_THE TASK_.
Would you copy exactly the lines in the data below from the one that has "- Vì chỉ có" through the one that has "Realizado na quarta-feira", dropping any pictures?

_RECORDS FOR THE EXERCISE_.

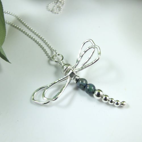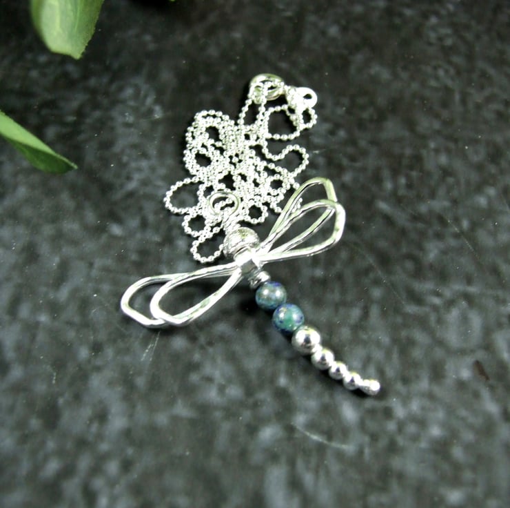 Dragonfly Necklace. Handcrafted Sterling Silver Dragonfly with chrysocolla gemstones.
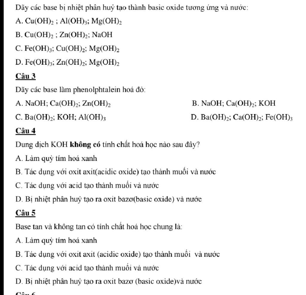 - Vì chỉ có các bazơ không tan mới bị nhiệt phân hủy tạo thành oxit bazơ tương ứng và nước. Mà KOH là bazơ tan nên KOH sẽ không có tính chất trên.
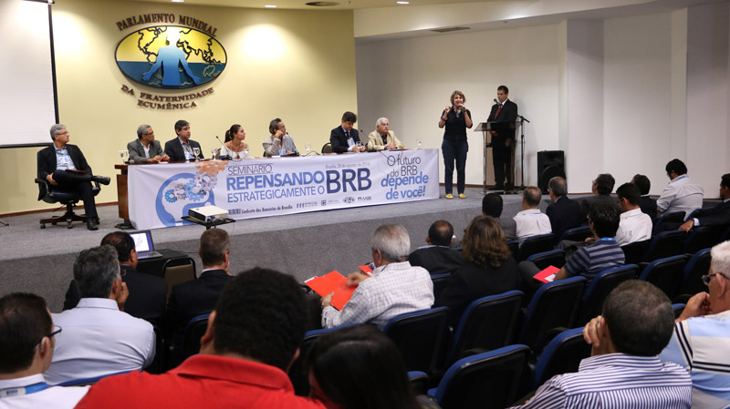 Realizado na quarta-feira (28), no auditório da Legião da Boa Vontade (LBV), o seminário foi organizado pelo Sindicato dos Bancários de Brasília, Fetec-CUT/CN, BRB Clube, AFA-BRB e AABR. Os debates contaram com a participação de funcionários do banco, convidados e palestrantes que abordaram os temas BRB e o Sistema Financeiro Nacional, o Papel do BRB no Desenvolvimento Econômico do Distrito Federal e do Centro-Oeste, BRB e a Tecnologia da Informação e O futuro do BRB: uma visão dos funcionários e aposentados.
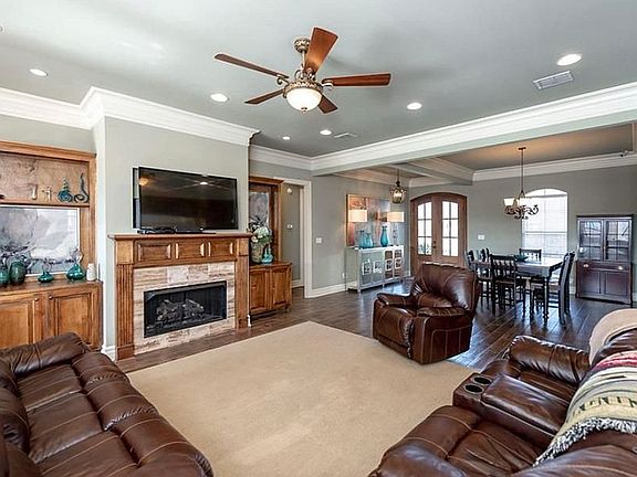 Wonderful 4 bedrooms/3 bath house for entertaining with the open floor plan which includes a formal dining, living and a Hearthroom! Beautiful new wood-look tile floors throughout with carpet in the 3 guest bedrooms, brick accent wall in the living areas, tall ceilings and neutral colors. All lighting converted to LED. The large remote master suite is 1 of 3 access points to the back patio. The amazing 400sqft outdoor kitchen, which was added on in 2016, completes the large backyard perfectly and makes entertaining easy.
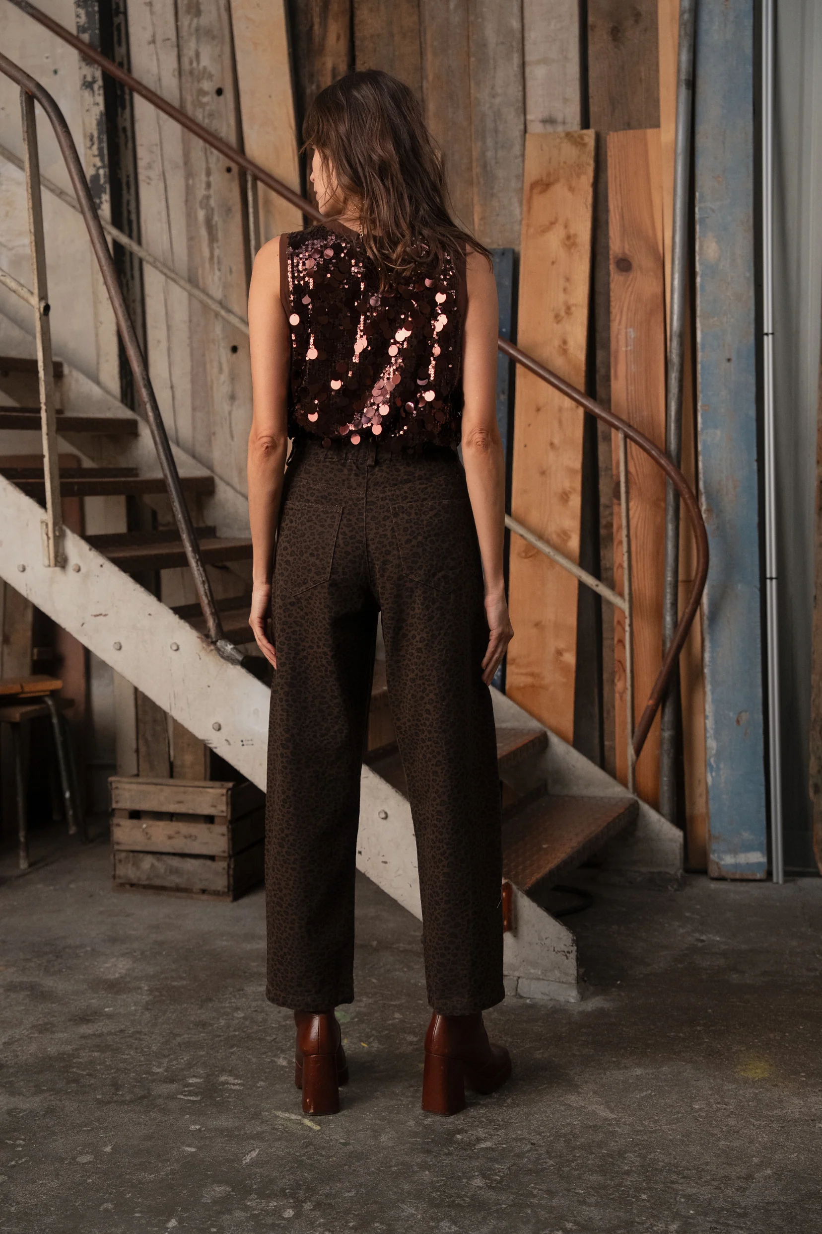 Sa coupe large et son imprimé léopard chocolat insufflent une touche de caractère à chaque silhouette. Taille haute et jambe fluide, il allonge la ligne tout en offrant un tombé naturel et confortable.
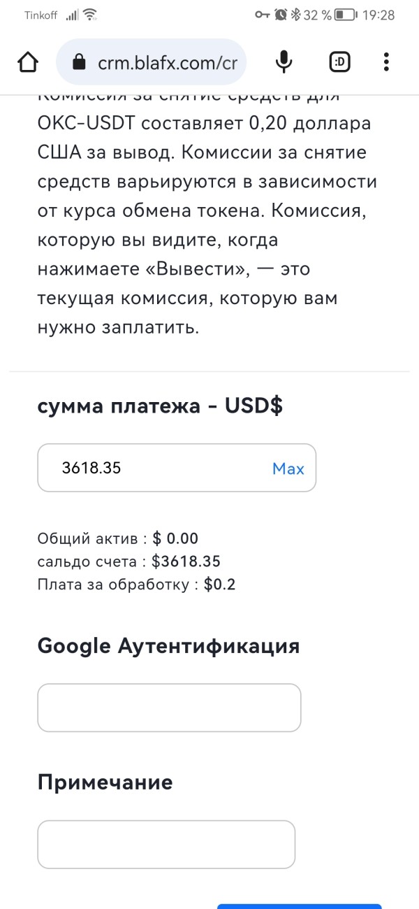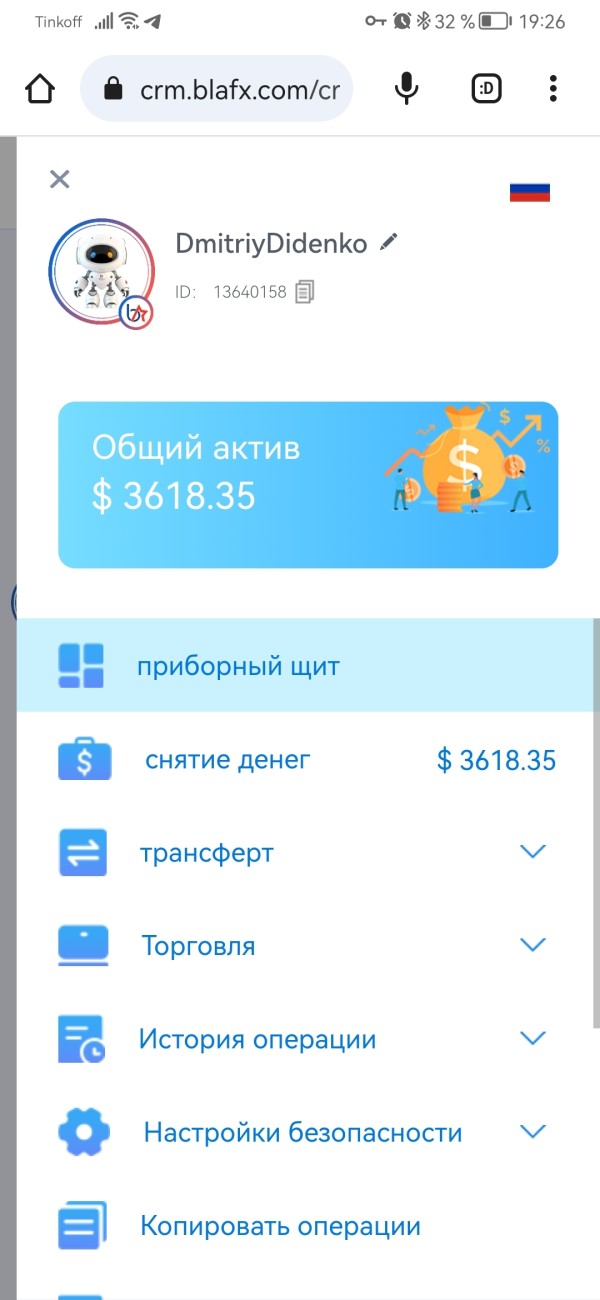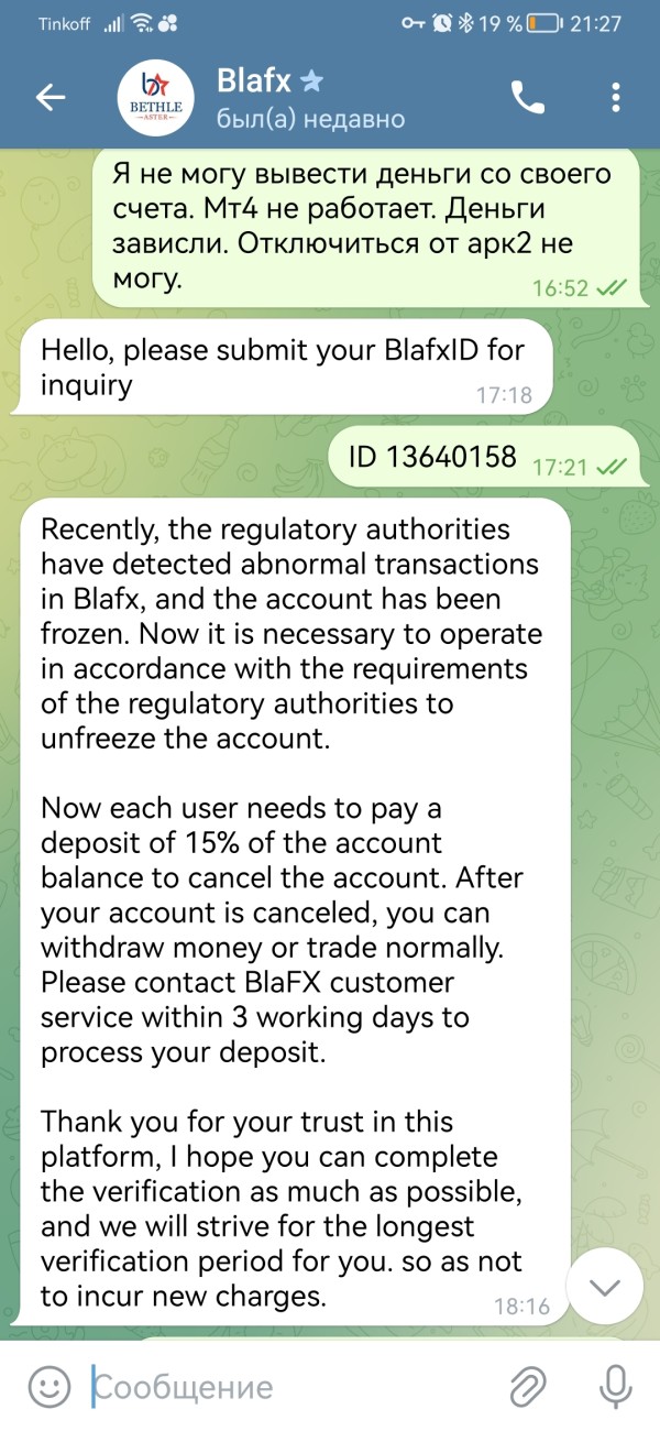 В blafx мой ID 13640158. Номер счета 5542867. Сумма на счёте 3618,35$. Счёт заморожен. Деньги не могу вывести. В тех службе говорят что счета все заморожены и требуют внести ещё деньги. Считаю их мошенниками. Прошу разобраться с компанией blafx и вернуть мне все деньги с моего счета.
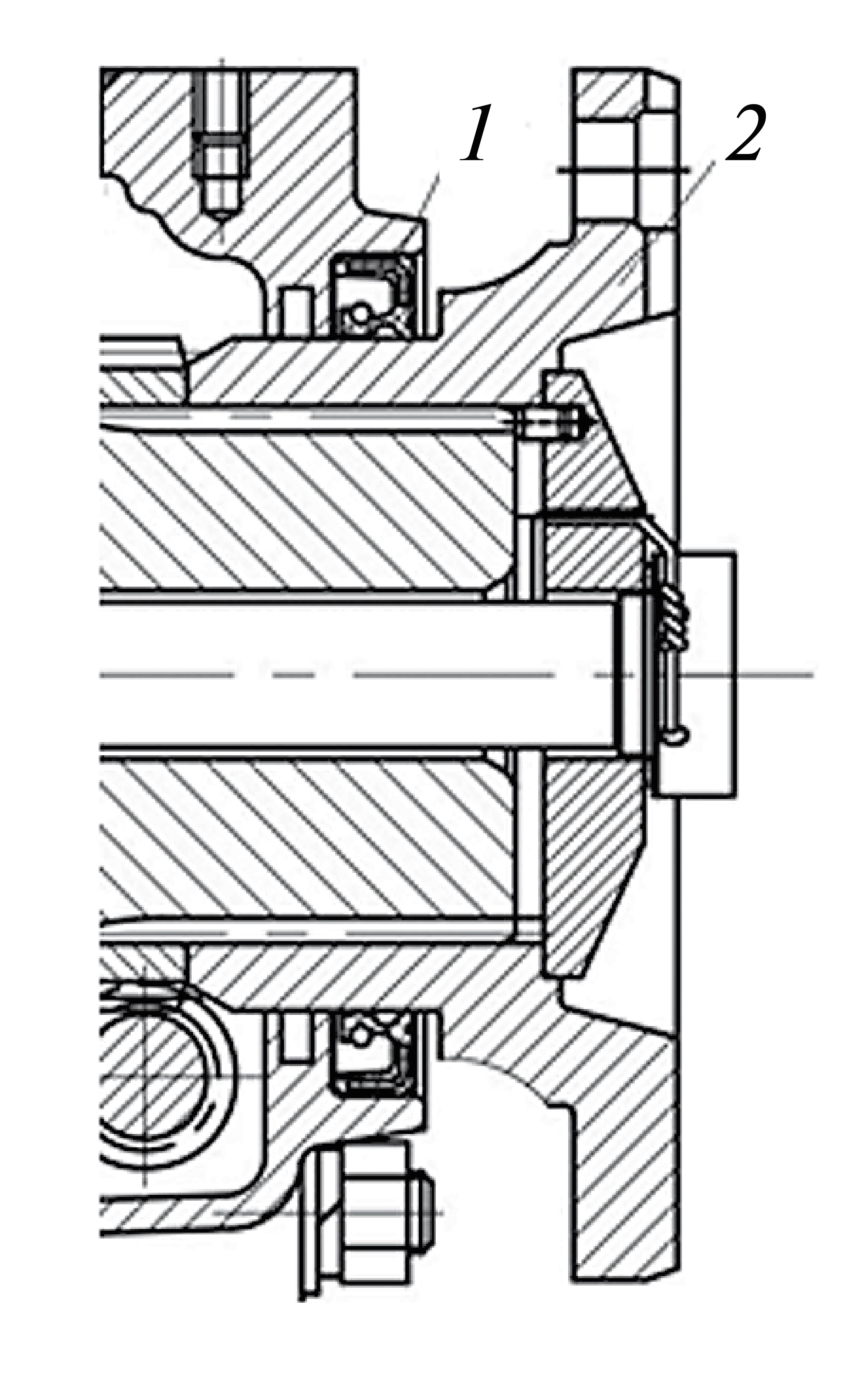 Рис. 1. Эскиз соединения фланца с манжетой коробки передач ЯМЗ: 1 – манжета; 2 – фланец.
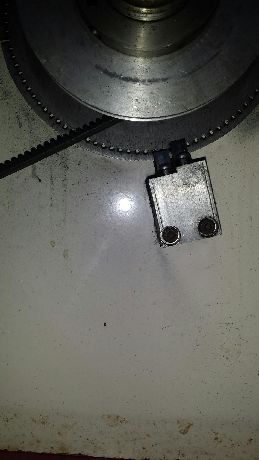 Door to spindle drive belts seems to have 3. A button switch at opening end seems to have been disconnected, ball switch at hinge end has two microswitches.
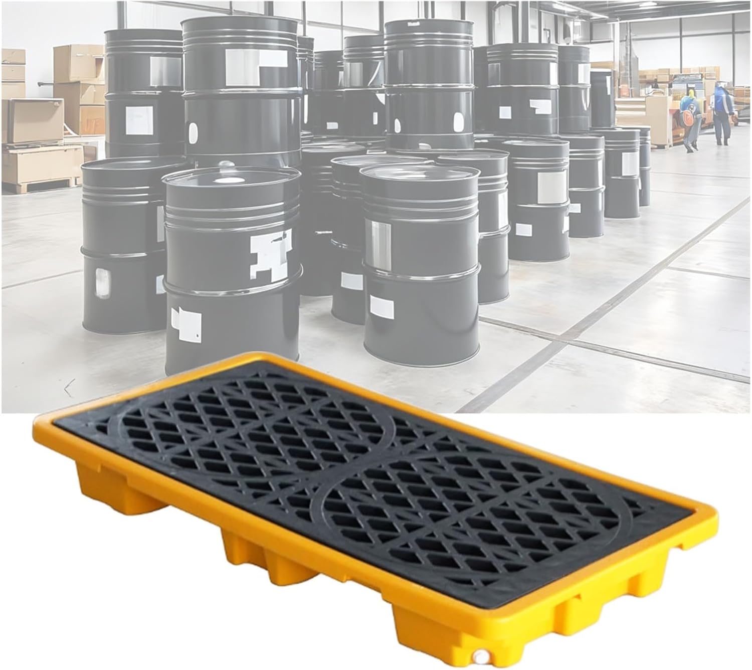 The Drum Spill Platform is an essential solution for effective spill containment in various environments, including warehouses, workshops, maintenance areas, supermarkets, and factories. Constructed from high-density polyethylene , this durable plastic pallet is designed to withstand wear and tear, ensuring long-lasting performance. The reinforced ribs on the back enhance its stability and increase the load-bearing capacity, making it suitable for heavy-duty use. Our spill-proof tray features a detachable design, allowing for easy assembly and disassembly when needed. This user-friendly aspect simplifies storage and transportation, ensuring that you can maintain a clean and safe workspace effortlessly. With dimensions available in 25.8 x 14.2 x 4.7 inches, 26.6 x 26.6 x 5.9 inches, and 51.2 x 26.8 x 5.9 inches, you can choose the perfect size to fit your specific requirements. The sleek black and yellow color combination not only adds a professional look but also enhances visibility, promoting safety in any industrial or commercial setting. Cleaning is a breeze; simply rinse the tray directly with water to keep it in top condition. Invest in the Drum Spill Platform to safeguard your workspace from spills and leaks while maintaining compliance with safety regulations. It's an invaluable addition to your industrial toolkit, providing reliability and peace of mind when handling hazardous materials.

_REPLY_.
 - Vì chỉ có các bazơ không tan mới bị nhiệt phân hủy tạo thành oxit bazơ tương ứng và nước. Mà KOH là bazơ tan nên KOH sẽ không có tính chất trên.
 Realizado na quarta-feira (28), no auditório da Legião da Boa Vontade (LBV), o seminário foi organizado pelo Sindicato dos Bancários de Brasília, Fetec-CUT/CN, BRB Clube, AFA-BRB e AABR. Os debates contaram com a participação de funcionários do banco, convidados e palestrantes que abordaram os temas BRB e o Sistema Financeiro Nacional, o Papel do BRB no Desenvolvimento Econômico do Distrito Federal e do Centro-Oeste, BRB e a Tecnologia da Informação e O futuro do BRB: uma visão dos funcionários e aposentados.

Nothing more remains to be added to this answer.